Darüber hinaus zeigt der bearbeitete Clip einen geteilten Bildschirm, ebenso wie der Originalausschnitt des Interviews. Auf der rechten Seite im manipulierten Video werden Bilder zu einer Nachricht über einen Korruptionsskandal eingeblendet mit der ukrainischen Bildunterschrift "Staatsanwaltschaft beantragt wegen Korruptionsverdacht eine Haftstrafe oder eine Kaution in Höhe von fast 137 Millionen für Igor Mironyuk". Dieselbe Nachricht mit übereinstimmender Bildunterschrift und Bildern erscheint im ursprünglichen Bericht bei etwa 2:46:30.
Im gefälschten Video scheint Kuhartschuks Gesicht mit dem eines ukrainischen Soldaten ausgetauscht worden zu sein, wobei es sich höchstwahrscheinlich um einen Deepfake handelt. Die Haut wirkt unnatürlich glatt und gleichmäßig beleuchtet, was Anzeichen für einen Deepfake sind.
Der Sender Kyiv24 bestätigte gegenüber AFP, dass er ein solches Interview nie ausgestrahlt habe. Das Video, in dem ein Soldat vorschlägt, Streitkräften Mikrochips zu implantieren, sei "komplett gefälscht", schrieb Natalia Lyaschtschenko, ausführende Produzentin bei Kyiv24, in einer E-Mail vom 20. November 2025.

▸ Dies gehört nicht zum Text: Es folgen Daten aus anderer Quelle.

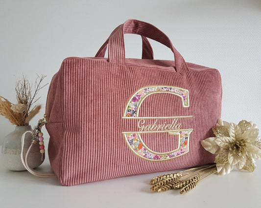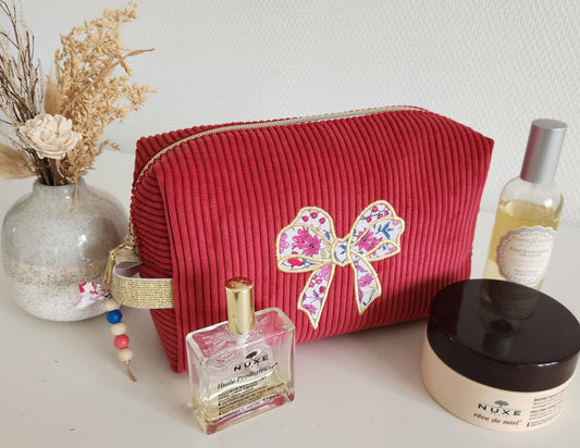 EN STOCK : Trousse de toilette noeud en velours côtelé fushia

Sie bestätigte, dass das Thema Desertion zwar in der Sendung diskutiert wurde, jedoch eine andere Person dazu interviewt wurde und das Gespräch nichts mit Mikrochips zu tun hatte. AFP überprüfte das gesamte Interview mit Kuhartschuk, in dem er zu keinem Zeitpunkt einen Vorschlag zur Implantation von Mikrochips bei Soldaten gemacht hat.

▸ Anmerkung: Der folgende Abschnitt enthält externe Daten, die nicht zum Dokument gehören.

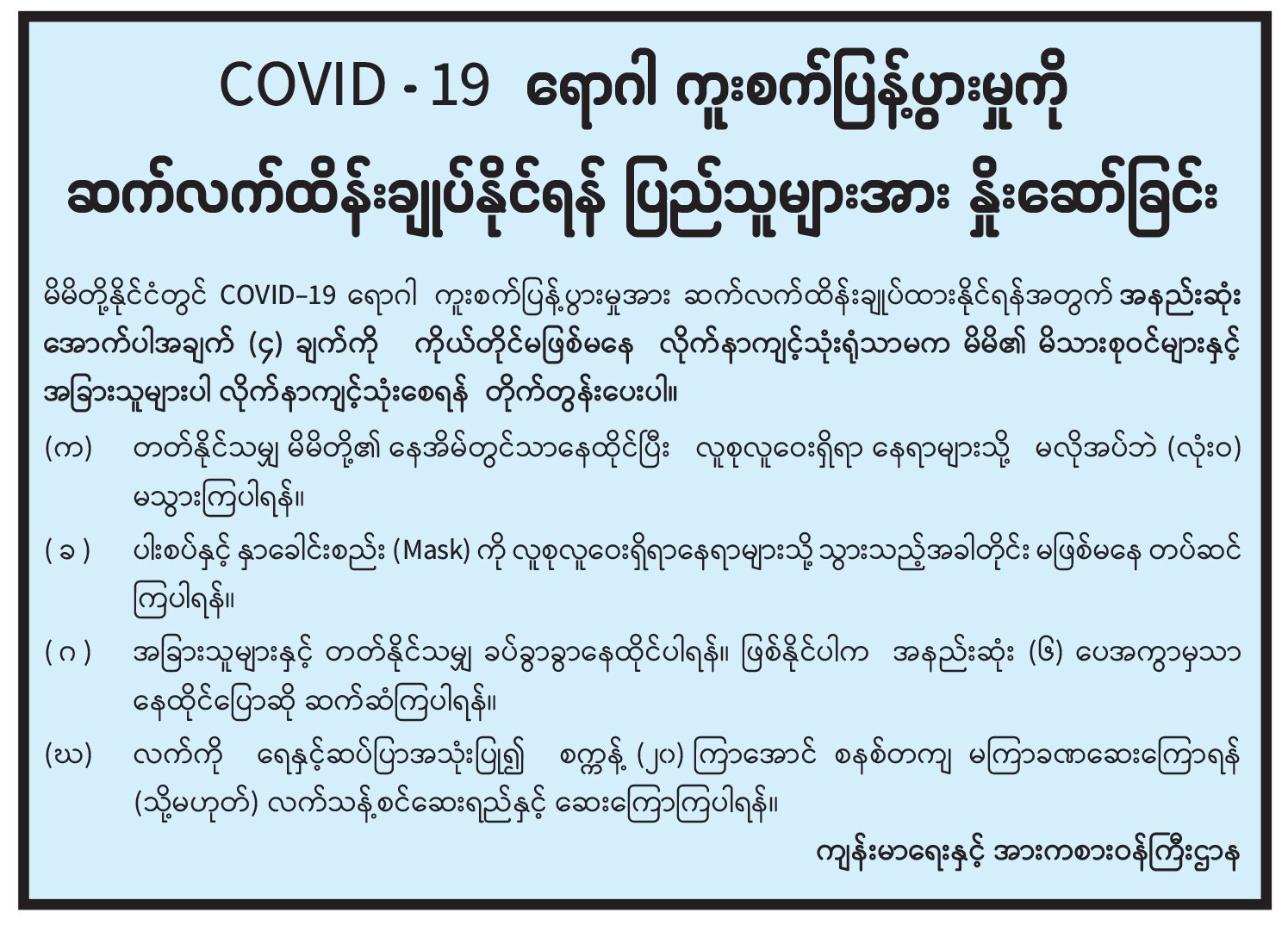 COVID -19 ရောဂါ ကူးစက်ပြန့်ပွားမှုကို ဆက်လက်ထိန်းချုပ်နိုင်ရန် ပြည်သူများအား နှိုးဆော်ခြင်း

Zahlreiche Streitkräfte desertieren
Zehntausende ukrainische Soldatinnen und Soldaten kämpfen seit der Invasion Russlands im Februar 2022 ununterbrochen. Angesichts des andauernden Krieges haben die Desertionen tausender Soldatinnen und Soldaten aus ihren Einheiten heftige Debatten ausgelöst.
Seit Februar 2022 haben 310.000 Streitkräfte den Dienst verlassen oder sind unerlaubt nicht zum Dienst erschienen, berichtete die unabhängige ukrainische Nachrichtenplattform "New Voice of Ukraine", die sich auf Daten der ukrainischen Generalstaatsanwaltschaft beruft. Unentschuldigtes Fernbleiben vom Dienst bezieht sich in der Regel auf Fälle, in denen sich Soldatinnen und Soldaten ohne Erlaubnis für kurze Zeit von ihrer Position entfernen, während jene, die ihre Einheit verlassen, dies mit der Absicht tun, sich dauerhaft dem Militärdienst zu entziehen.

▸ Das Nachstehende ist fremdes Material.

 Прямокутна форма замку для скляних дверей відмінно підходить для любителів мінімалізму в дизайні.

In seinem Interview mit Kyiv24 merkte Kuhartschuk an, dass es zwar Einheiten gebe, aus denen Soldatinnen und Soldaten desertieren würden, aber auch Einheiten, zu denen sie zurückkehrten: "Was das dritte Armeekorps betrifft, so sind bis jetzt etwa 1500 aller desertierten Soldatinnen und Soldaten zurückgekehrt", wird er zitiert.
Das Problem der Desertion beschränkt sich jedoch nicht auf die ukrainische Armee. Verschiedene Berichte unabhängiger russischer Medien sowie ein UN-Bericht vom Oktober 2025 schätzen, dass bis Ende Dezember 2024 über 50.000 russische Soldatinnen und Soldaten aus der Armee desertierten.
AFP sammelt weitere Faktenchecks zu KI-generierten Inhalten und zum Ukrainekrieg auf der Website.
Fazit: Ein angebliches Interview, in dem ein ukrainischer Soldat zu fordern scheint, dass Streitkräften Mikrochips implantiert werden sollten, damit sie nicht desertieren, ist gefälscht. Im Originalvideo kommt eine solche Äußerung nicht vor. Zudem zeigen die Ergebnisse von KI-Erkennungstools, dass die online geteilte Sequenz des Interviews manipuliert wurde.